> Data in this exercise:
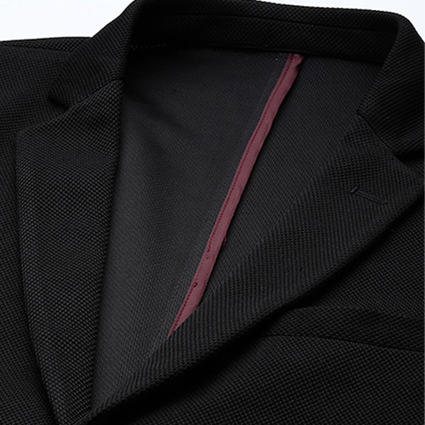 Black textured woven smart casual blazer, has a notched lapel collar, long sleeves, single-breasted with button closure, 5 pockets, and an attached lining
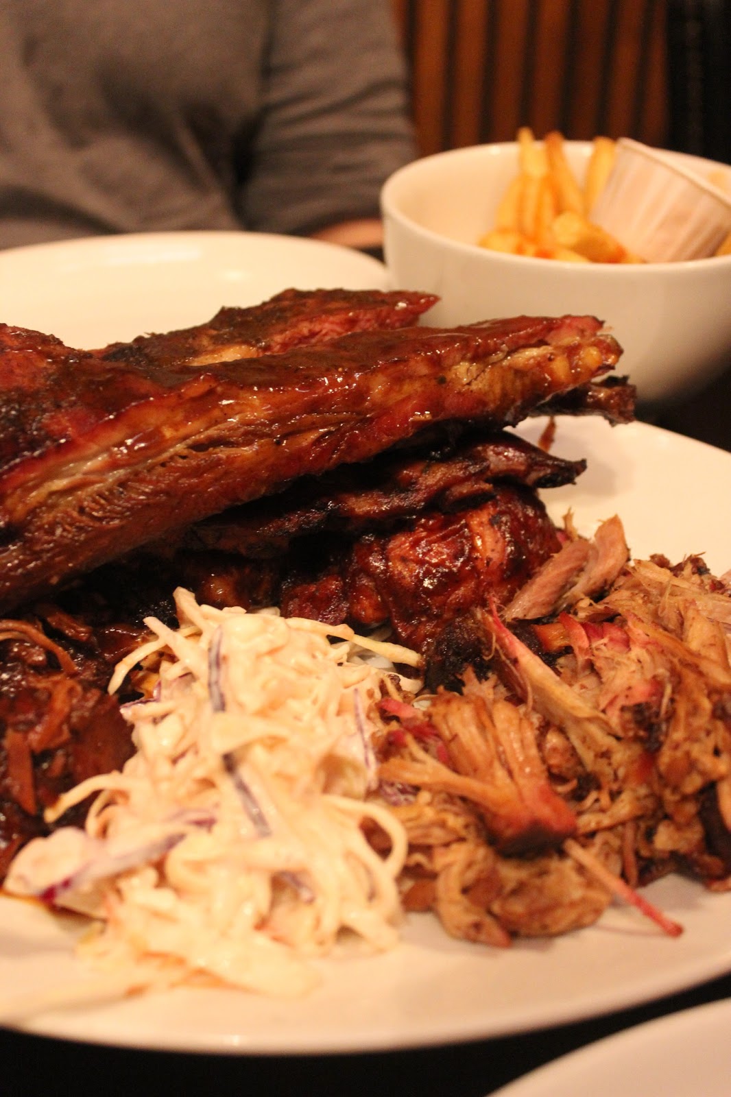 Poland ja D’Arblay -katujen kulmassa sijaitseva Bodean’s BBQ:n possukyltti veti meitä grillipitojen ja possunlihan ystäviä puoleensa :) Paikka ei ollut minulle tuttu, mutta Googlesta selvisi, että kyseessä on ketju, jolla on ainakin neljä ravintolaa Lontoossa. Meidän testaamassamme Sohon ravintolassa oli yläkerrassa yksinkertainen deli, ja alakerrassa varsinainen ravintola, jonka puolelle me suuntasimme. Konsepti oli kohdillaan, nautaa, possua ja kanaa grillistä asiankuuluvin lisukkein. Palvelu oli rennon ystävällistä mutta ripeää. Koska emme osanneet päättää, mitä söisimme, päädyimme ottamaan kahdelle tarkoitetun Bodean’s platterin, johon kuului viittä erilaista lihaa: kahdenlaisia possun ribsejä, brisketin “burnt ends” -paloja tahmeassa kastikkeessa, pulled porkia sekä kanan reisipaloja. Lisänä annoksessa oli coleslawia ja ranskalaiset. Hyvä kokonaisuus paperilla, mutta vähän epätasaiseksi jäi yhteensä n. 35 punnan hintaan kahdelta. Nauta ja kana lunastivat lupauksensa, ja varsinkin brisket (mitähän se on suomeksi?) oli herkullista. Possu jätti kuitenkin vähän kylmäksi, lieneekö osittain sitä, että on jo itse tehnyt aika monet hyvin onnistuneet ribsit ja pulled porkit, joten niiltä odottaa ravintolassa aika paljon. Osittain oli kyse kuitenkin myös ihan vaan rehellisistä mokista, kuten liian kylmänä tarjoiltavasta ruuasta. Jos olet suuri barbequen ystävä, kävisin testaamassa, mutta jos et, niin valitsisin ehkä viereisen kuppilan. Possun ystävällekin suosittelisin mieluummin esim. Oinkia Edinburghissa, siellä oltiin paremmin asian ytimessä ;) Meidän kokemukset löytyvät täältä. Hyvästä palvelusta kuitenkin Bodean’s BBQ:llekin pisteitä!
--
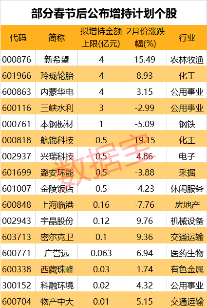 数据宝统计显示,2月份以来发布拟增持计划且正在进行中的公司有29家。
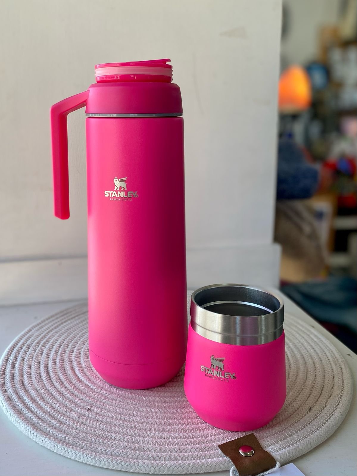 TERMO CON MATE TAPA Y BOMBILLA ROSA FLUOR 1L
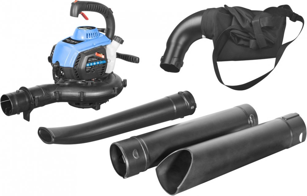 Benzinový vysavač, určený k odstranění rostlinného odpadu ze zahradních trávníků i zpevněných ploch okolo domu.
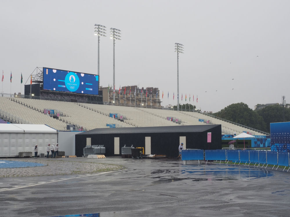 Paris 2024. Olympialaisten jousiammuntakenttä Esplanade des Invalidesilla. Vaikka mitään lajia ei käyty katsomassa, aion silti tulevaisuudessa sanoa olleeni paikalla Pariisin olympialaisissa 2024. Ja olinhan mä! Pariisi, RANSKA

> Instructions to follow: Starting at the line containing "数据宝统计显示,2月份以来发布拟增持计划且正在进行中的公司有29家。" and stopping at the line containing "Paris 2024. Olympialaisten", output every line above exactly, both ends included, with pictures omitted.

> Task result:
 数据宝统计显示,2月份以来发布拟增持计划且正在进行中的公司有29家。
 TERMO CON MATE TAPA Y BOMBILLA ROSA FLUOR 1L
 Benzinový vysavač, určený k odstranění rostlinného odpadu ze zahradních trávníků i zpevněných ploch okolo domu.
 Paris 2024. Olympialaisten jousiammuntakenttä Esplanade des Invalidesilla. Vaikka mitään lajia ei käyty katsomassa, aion silti tulevaisuudessa sanoa olleeni paikalla Pariisin olympialaisissa 2024. Ja olinhan mä! Pariisi, RANSKA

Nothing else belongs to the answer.